* Directions: Give the records again exactly. Pictures do not belong in the copy.

[Records excerpted from a collection]
---*---
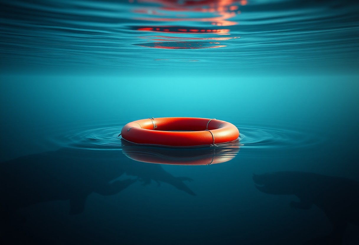 A striking composition featuring still, glassy water with a bright red rescue ring floating delicately on its surface. The waterline sits along the upper third of the frame, creating a sense of balance and calm. Below the water hidden sea monsters—can be faintly discerned, creating tension and mystery in the scene. The lighting is dramatic, casting soft highlights on the ring and subtle reflections on the water, while darker, moody shadows beneath hint at the lurking danger below. The image plays with contrast between safety and threat, with the tranquil surface concealing the unknown depths. A breathtaking, exquisitely detailed RAW HDR color photograph, capturing a masterpiece of realism with fine grain and crisp clarity. The image presents a stunning and captivating scene with brilliant lighting and a magnificent composition that adheres to the rule of thirds. Showcasing award-winning quality and incredibly realistic detail, the Rembrandt lighting adds depth and contrast, while the dynamic, film-style composition evokes the elegance of a world-famous painting. The final result is a lustrous, high-resolution image with rich detail and delicate, exquisite grain, making it ideal for wallpaper art or product shots. The centered composition emphasizes the subject, creating a strong, magnificent visual that serves as the perfect backdrop.
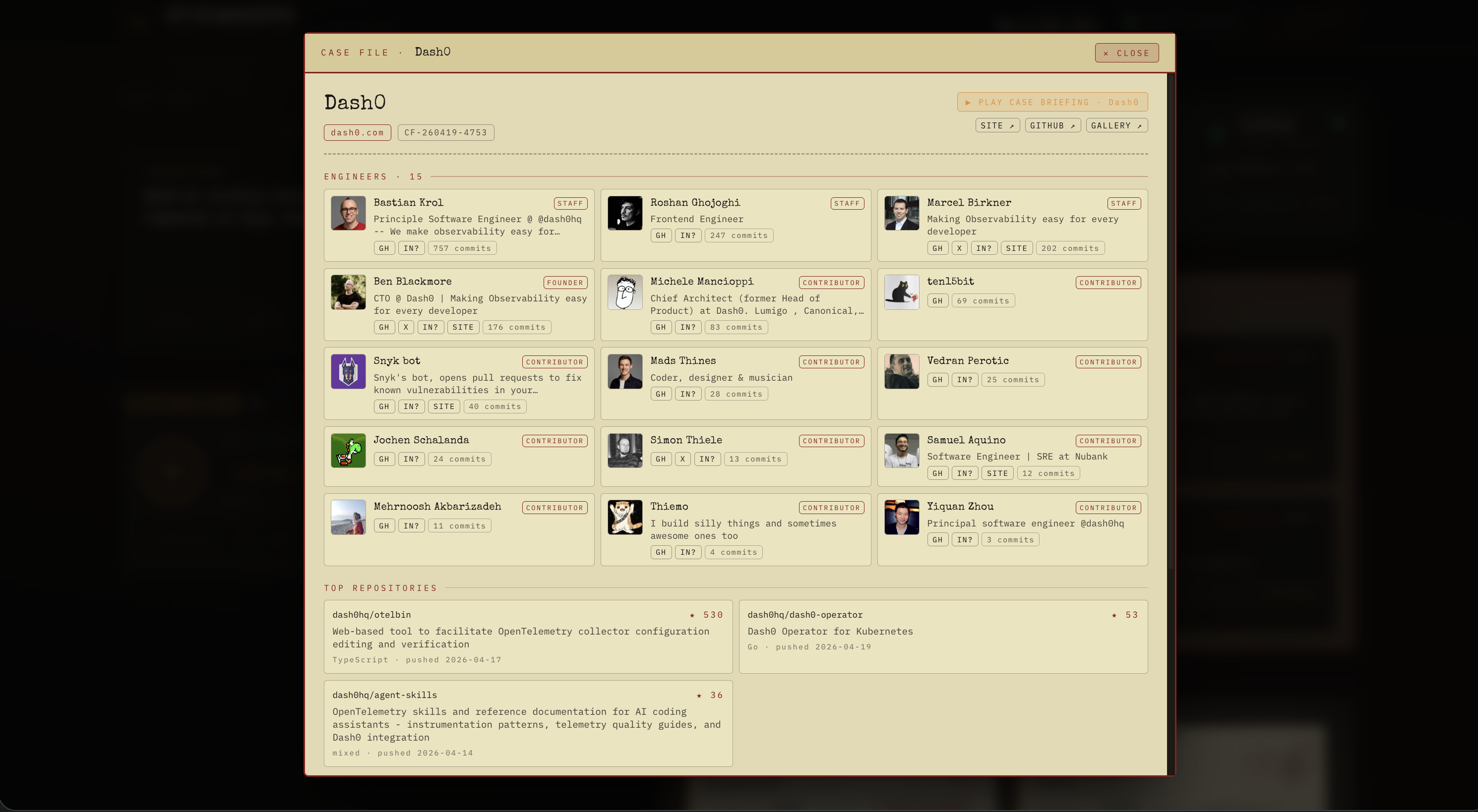 Type /case and a manila folder peels open with every public engineer ranked by commits, every guessed email pattern, and a Reddit red-flag sweep — ghost interviews, rescinded offers, layoff chatter surfaced before you send the email.
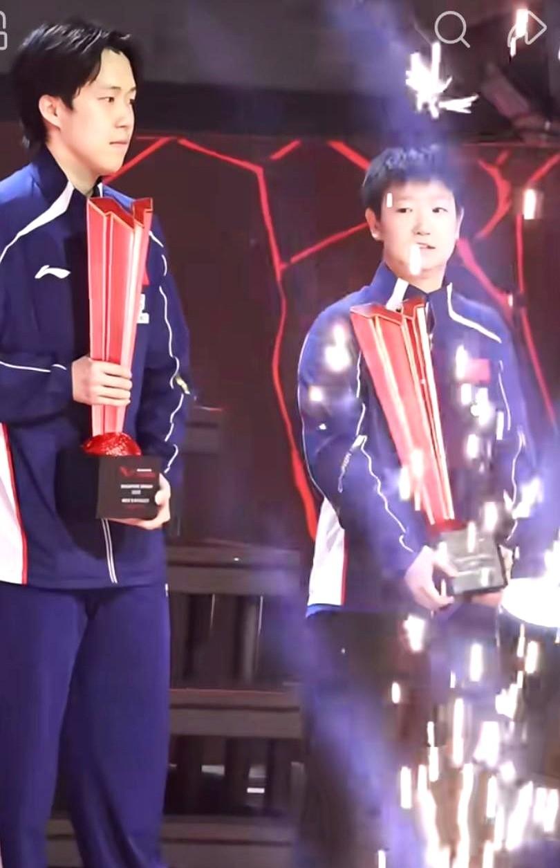 你敢信?孙颖莎那个冠军奖杯,足足11公斤! 颁奖台上还抱着,一下台,莎莎直接就给扛肩上走了! 这画面,真是绝了。 刚结束的新加坡大满贯,她拿了女单冠军,这已经是她第五个WTT大满贯单打头衔。 这奖杯看着就跟个大哑铃似的,真不是谁都能扛得动。男单冠军王楚钦也一样,俩人捧着这大家伙自拍,画面别提多逗了。 不得不说,这22斤的荣誉,还真就得是实力爆棚的他们才担得起。
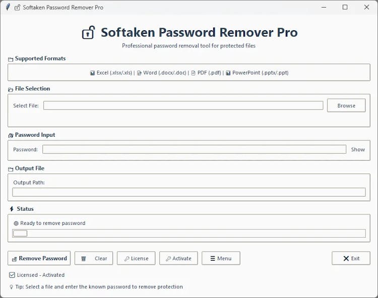 Softaken Freeware PDF Password Remover is a useful and simple tool that helps remove passwords from PDF files that users already know. This software is specifically designed for users who want to avoid the hassle of repeatedly entering passwords. The tool's interface is simple and user-friendly, making it easy for even new users to operate without any technical knowledge. This software only removes known passwords and makes your PDF operable without a password. It does not recover forgotten passwords. It is safe and completely legal to use because it only works on files that users already have access to.
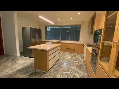 The first floor features a spacious living area facing a swimming pool, a dining area and a generously sized kitchen connected to two helper’s rooms and the laundry area, and an en suite guest room. On the second floor are four en suite bedrooms and a family area.
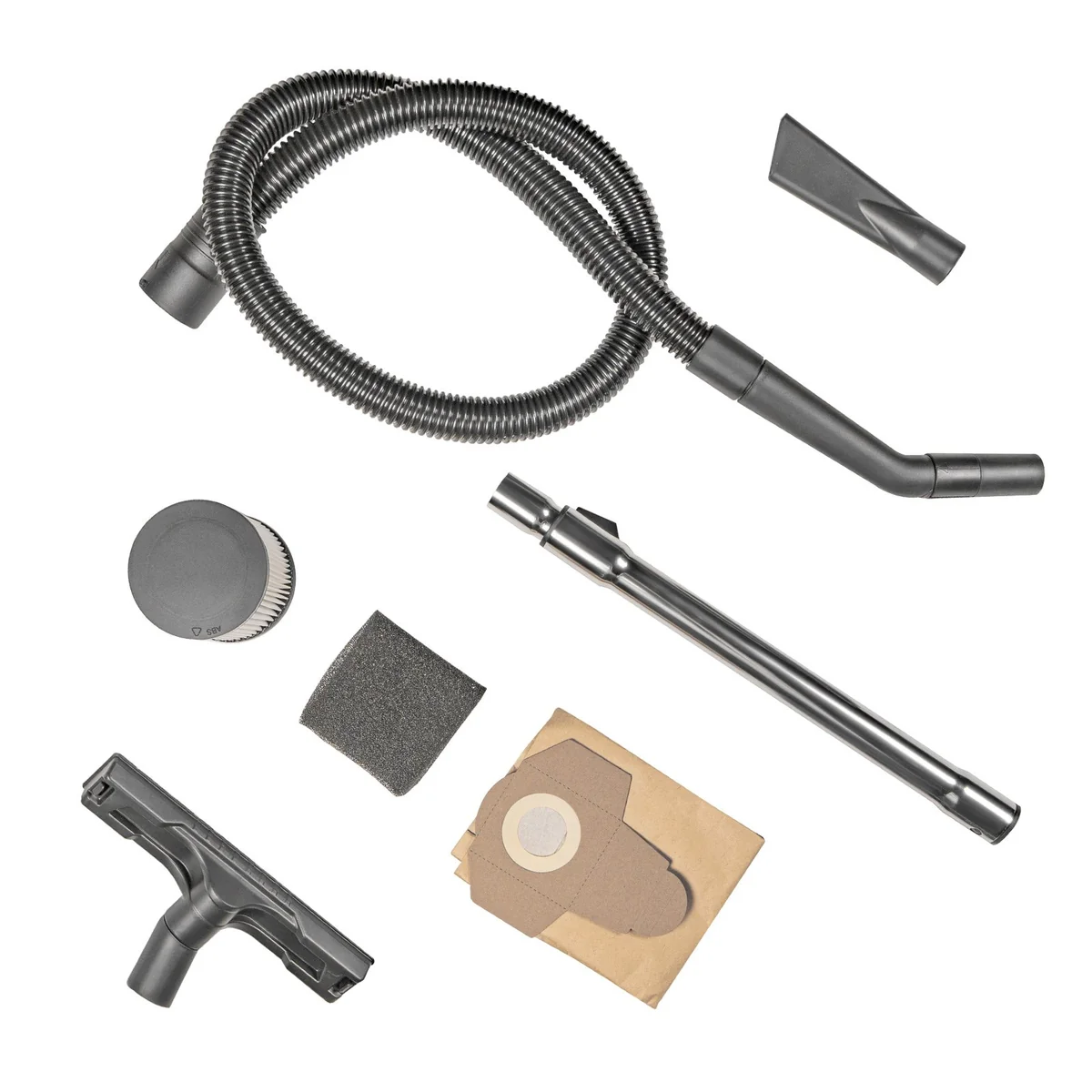- КОМПЛЕКТАЦИЯ: шланг гофрированный, труба телескопическая, насадка для пола, щелевая насадка, НЕРА-фильтр, пылесборный мешок, колеса(4 шт).
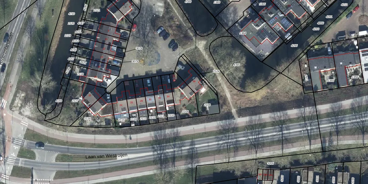 Het perceel waarop het Ooievaarsnest 36 staat heeft een oppervlakte van 255 m². Dit is een middelgroot perceel. De perceeloppervlakte wordt geregistreerd door het Kadaster. Gedetailleerde informatie over de maten van dit perceel kunt u vinden in het rapport Kadastrale kaart met maatvoering van het Ooievaarsnest 36.
---*---
* Your solution:
 A striking composition featuring still, glassy water with a bright red rescue ring floating delicately on its surface. The waterline sits along the upper third of the frame, creating a sense of balance and calm. Below the water hidden sea monsters—can be faintly discerned, creating tension and mystery in the scene. The lighting is dramatic, casting soft highlights on the ring and subtle reflections on the water, while darker, moody shadows beneath hint at the lurking danger below. The image plays with contrast between safety and threat, with the tranquil surface concealing the unknown depths. A breathtaking, exquisitely detailed RAW HDR color photograph, capturing a masterpiece of realism with fine grain and crisp clarity. The image presents a stunning and captivating scene with brilliant lighting and a magnificent composition that adheres to the rule of thirds. Showcasing award-winning quality and incredibly realistic detail, the Rembrandt lighting adds depth and contrast, while the dynamic, film-style composition evokes the elegance of a world-famous painting. The final result is a lustrous, high-resolution image with rich detail and delicate, exquisite grain, making it ideal for wallpaper art or product shots. The centered composition emphasizes the subject, creating a strong, magnificent visual that serves as the perfect backdrop.
 Type /case and a manila folder peels open with every public engineer ranked by commits, every guessed email pattern, and a Reddit red-flag sweep — ghost interviews, rescinded offers, layoff chatter surfaced before you send the email.
 你敢信?孙颖莎那个冠军奖杯,足足11公斤! 颁奖台上还抱着,一下台,莎莎直接就给扛肩上走了! 这画面,真是绝了。 刚结束的新加坡大满贯,她拿了女单冠军,这已经是她第五个WTT大满贯单打头衔。 这奖杯看着就跟个大哑铃似的,真不是谁都能扛得动。男单冠军王楚钦也一样,俩人捧着这大家伙自拍,画面别提多逗了。 不得不说,这22斤的荣誉,还真就得是实力爆棚的他们才担得起。
 Softaken Freeware PDF Password Remover is a useful and simple tool that helps remove passwords from PDF files that users already know. This software is specifically designed for users who want to avoid the hassle of repeatedly entering passwords. The tool's interface is simple and user-friendly, making it easy for even new users to operate without any technical knowledge. This software only removes known passwords and makes your PDF operable without a password. It does not recover forgotten passwords. It is safe and completely legal to use because it only works on files that users already have access to.
 The first floor features a spacious living area facing a swimming pool, a dining area and a generously sized kitchen connected to two helper’s rooms and the laundry area, and an en suite guest room. On the second floor are four en suite bedrooms and a family area.
- КОМПЛЕКТАЦИЯ: шланг гофрированный, труба телескопическая, насадка для пола, щелевая насадка, НЕРА-фильтр, пылесборный мешок, колеса(4 шт).
 Het perceel waarop het Ooievaarsnest 36 staat heeft een oppervlakte van 255 m². Dit is een middelgroot perceel. De perceeloppervlakte wordt geregistreerd door het Kadaster. Gedetailleerde informatie over de maten van dit perceel kunt u vinden in het rapport Kadastrale kaart met maatvoering van het Ooievaarsnest 36.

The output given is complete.